Herr Von Beck ne m’introduisit pas, comme je m’y attendais,
dans le cabinet attenant à la chambre de ma Gräfin, mais dans la grande
salle du rez-de-chaussée où je trouvai Madame de Lichtenberg conversant avec un
jeune gentilhomme qui lui tenait tendrement la main. Elle la lui retira pour me
la donner à baiser et quand, après m’être incliné sur ses doigts, je me
redressai, l’esprit en pleine confusion, elle me nomma son vis-à-vis :
Eric Von Lichtenberg.
— Eric, dit-elle ensuite, voici le chevalier de Siorac
dont je vous ai parlé. Faites-lui bon visage, il est fort de mes amis.
— La recommandation était inutile, Madame, dit Eric en
me faisant un gracieux salut. Monsieur le chevalier de Siorac a le bel air de
la Cour de France. Il n’est que de le regarder.
Je trouvais le compliment un peu soudain, mais je le lui
rendis aussitôt, et du diable si je m’en ramentois les termes, et du diantre si
je me souviens de ce qui se dit alors dans cet entretien où nous débitâmes de
si banales fariboles que, de ma bouche en tout cas, elles sortaient quasi
mécaniquement, mon esprit étant furieusement occupé à me demander qui était cet
Eric et son lien avec ma Gräfin.
Car je ne saurais vous celer davantage, lecteur, que le
« parent » d’Ulrike avait mon âge et me donnait un sentiment
d’accablement par son éclatante beauté, étant grand, fort bien fait, le cheveu
brun, abondant et bouclé, l’œil immense et caressant, les traits à la fois
ciselés et virils. Et comme si cela n’était pas encore assez de tous ces
charmes, il avait, même en français, une langue élégante et facile, l’esprit
fort vif et un air de gentillesse tout à plein désarmant. Qui pis est, il me
considérait d’un air excessivement amical alors que tout en lui souriant, je
lui souhaitais déjà mille morts d’être là.

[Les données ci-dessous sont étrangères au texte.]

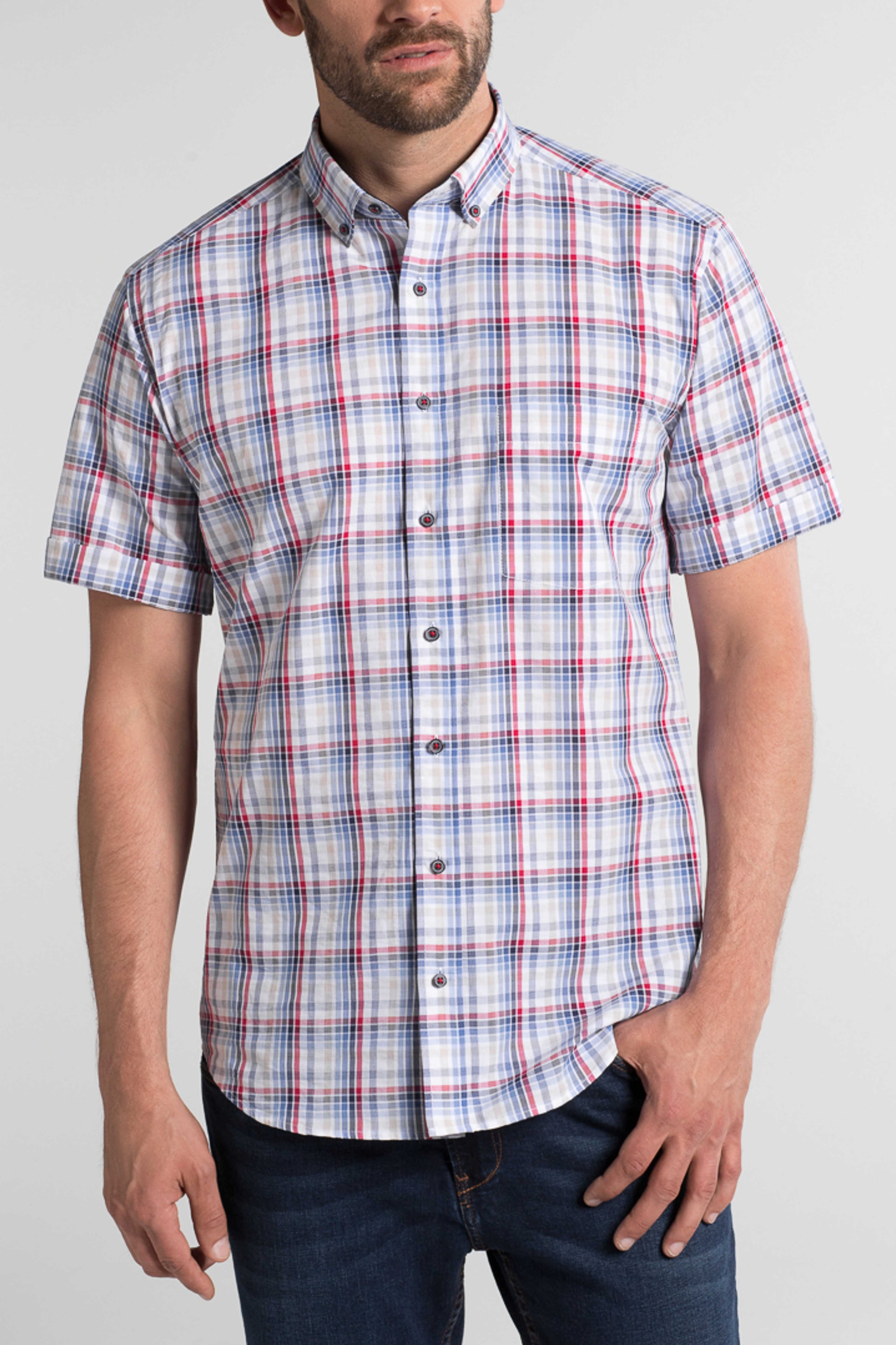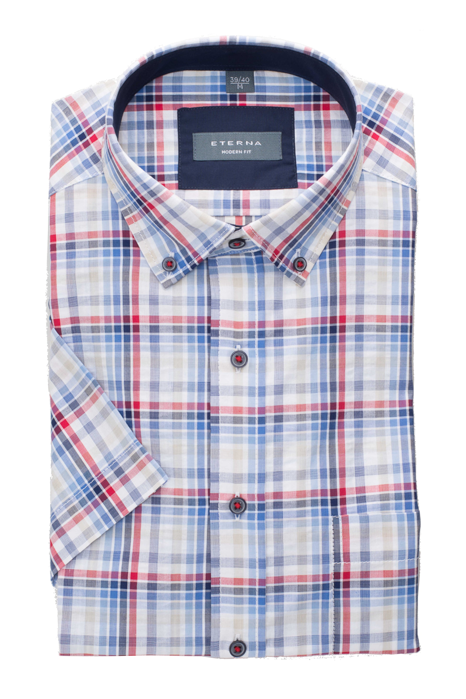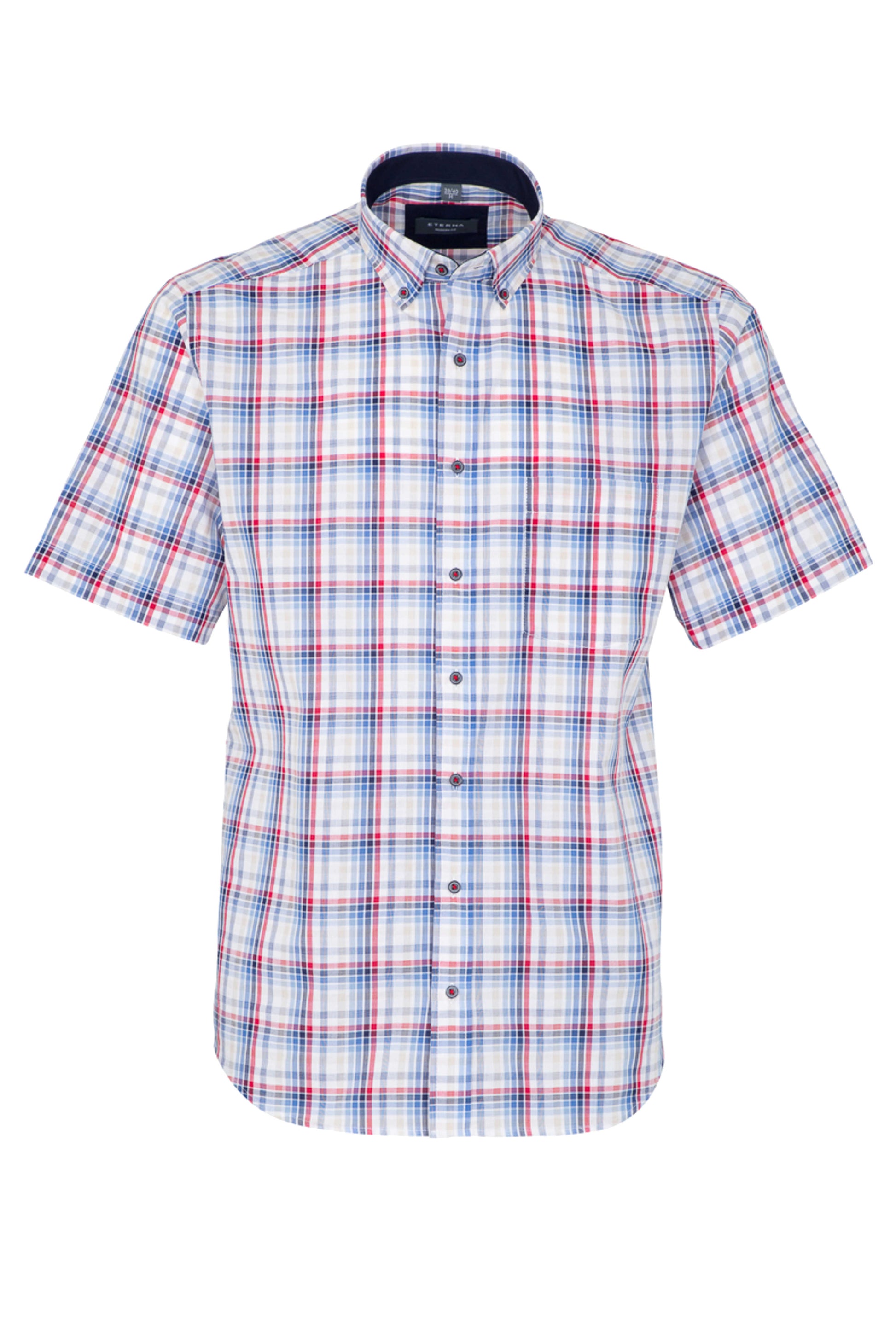 Flot og sommerlig kortærmet skjorte fra Eterna i ternet design med farverne blå, rød og sand. Skjorten er designet med brystlomme, button-down krave med kontrastfarve samt mørke knapper syet med rød tråd, der giver et stilfuldt spil i detaljerne.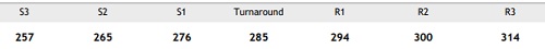 Prices may extend northward moves in this session. Slip below the 285 may signal further weakness.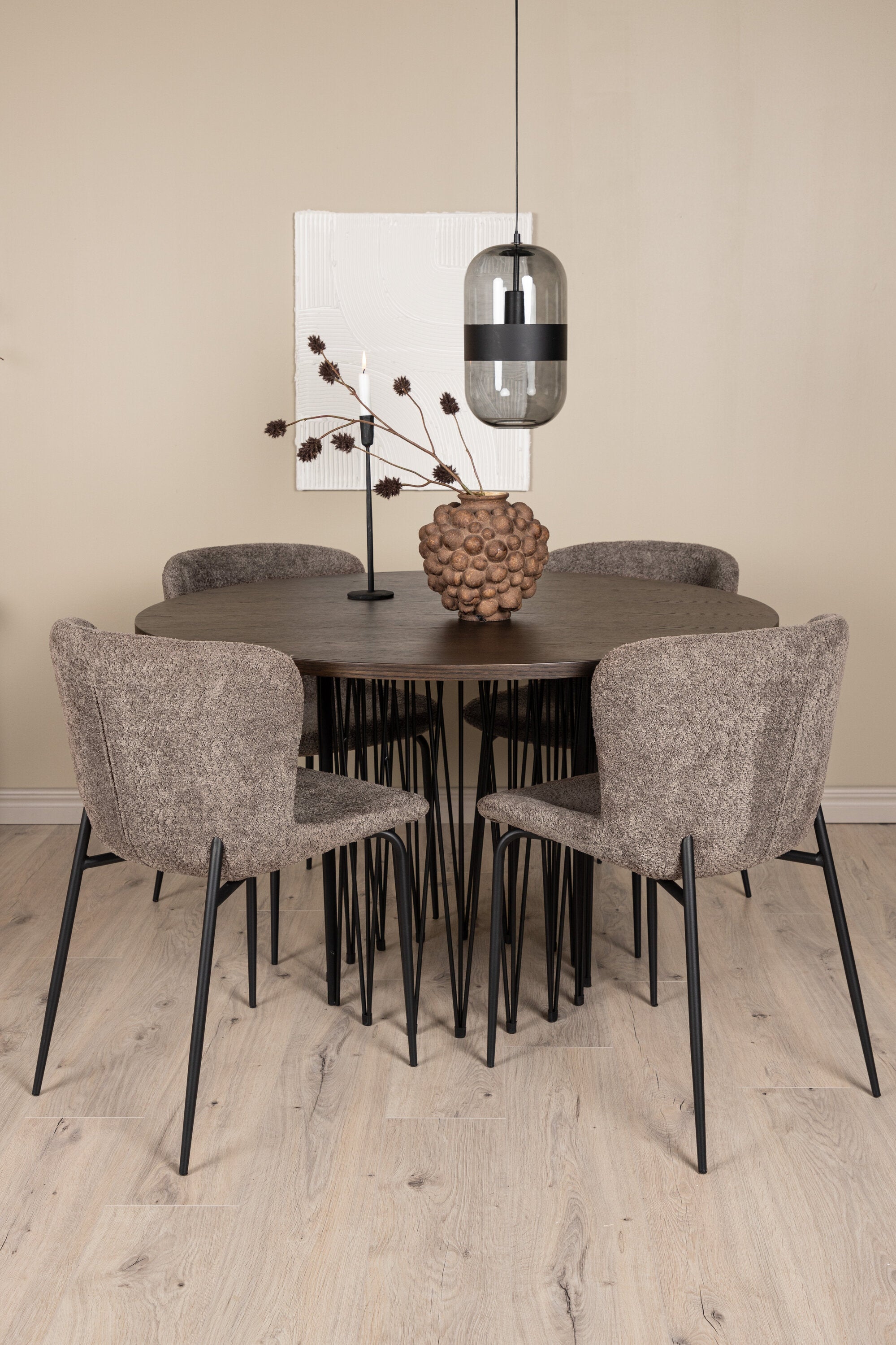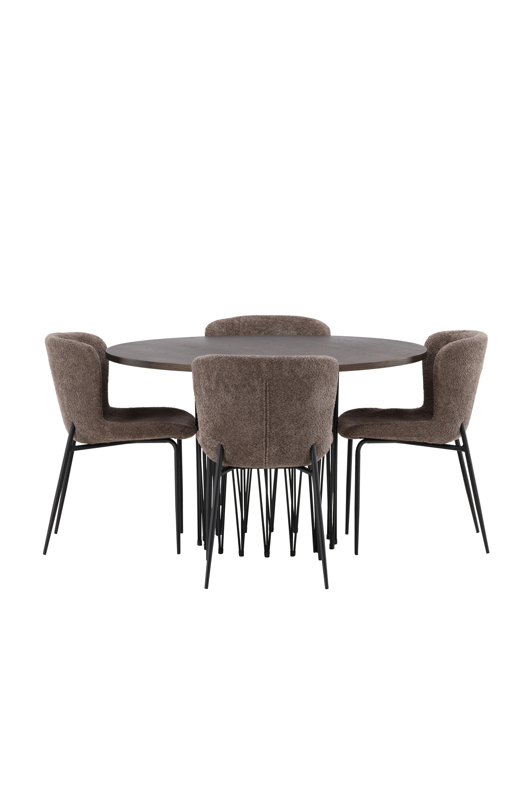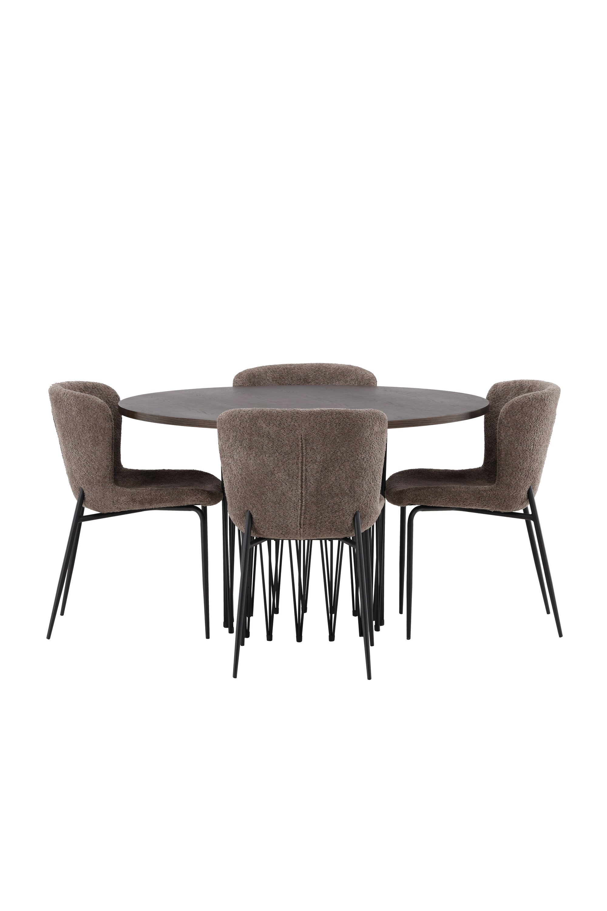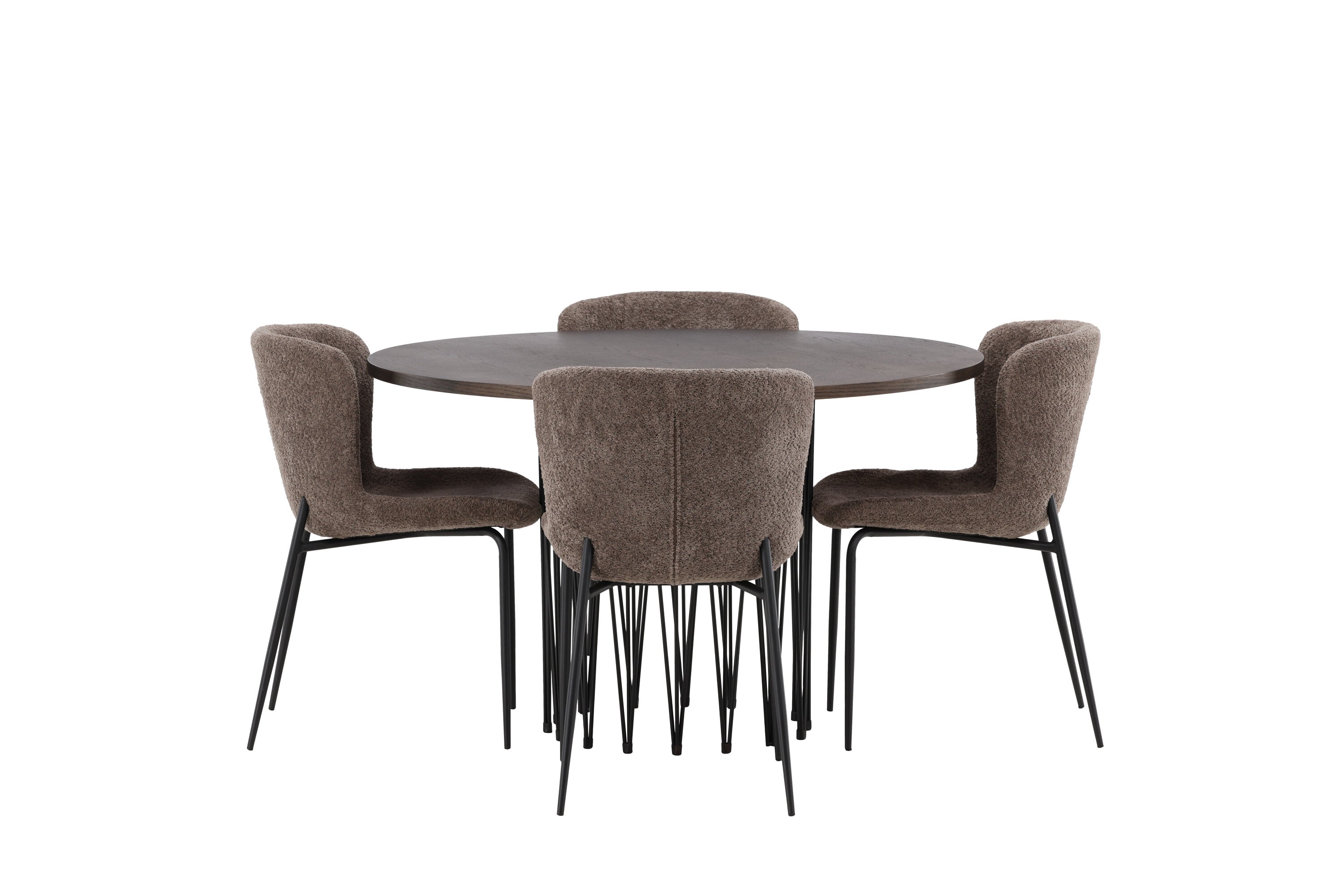Tato jídelní sestava vyzařuje pohodlí, moderní design a elegantní tvary! Náš kulatý jídelní stůl Stone má fantastický skandinávský design, který se hodí k davu. Stůl má krásnou hnědou desku z MDF s dýhou a ozdobný rám ve tvaru válce z černého kovu. Zde v dokonalé kombinaci s našimi pohodlnými jídelními židlemi ze série Modesto. Židle je celočalouněná šedou látkou bouclé se stylovými minimalistickými nohami v černém kovu. Mírně zaoblená záda a čalouněný sedák poskytují extra pohodlí a rozšiřují příjemné jídlo kolem jídelního stolu. Mělo by být příjemné si na chvíli sednout!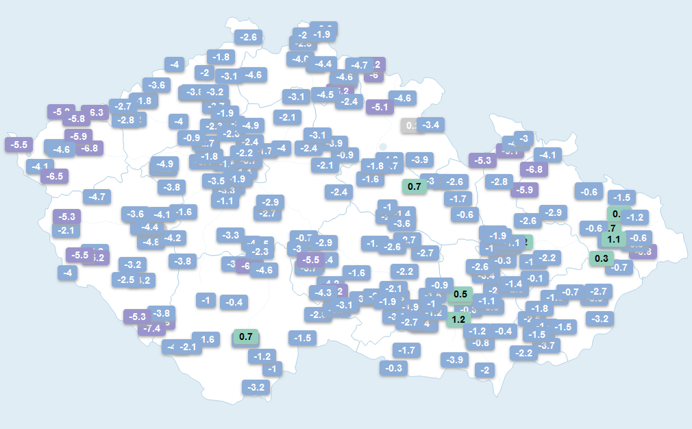 Na horách lehce nasněžilo, teplota klesla i na -10 °C

Madame de Lichtenberg était entre nous deux, si calme, si
composée, si souriante, distribuant si équitablement ses sourires et ses grâces
que la rage me prit tout soudain de détruire un si bel équilibre, de tout
casser en un instant, de briser là et de rompre à tout jamais avec cette démone
qui ne m’avait fait venir chez elle que pour être le témoin de mon malheur.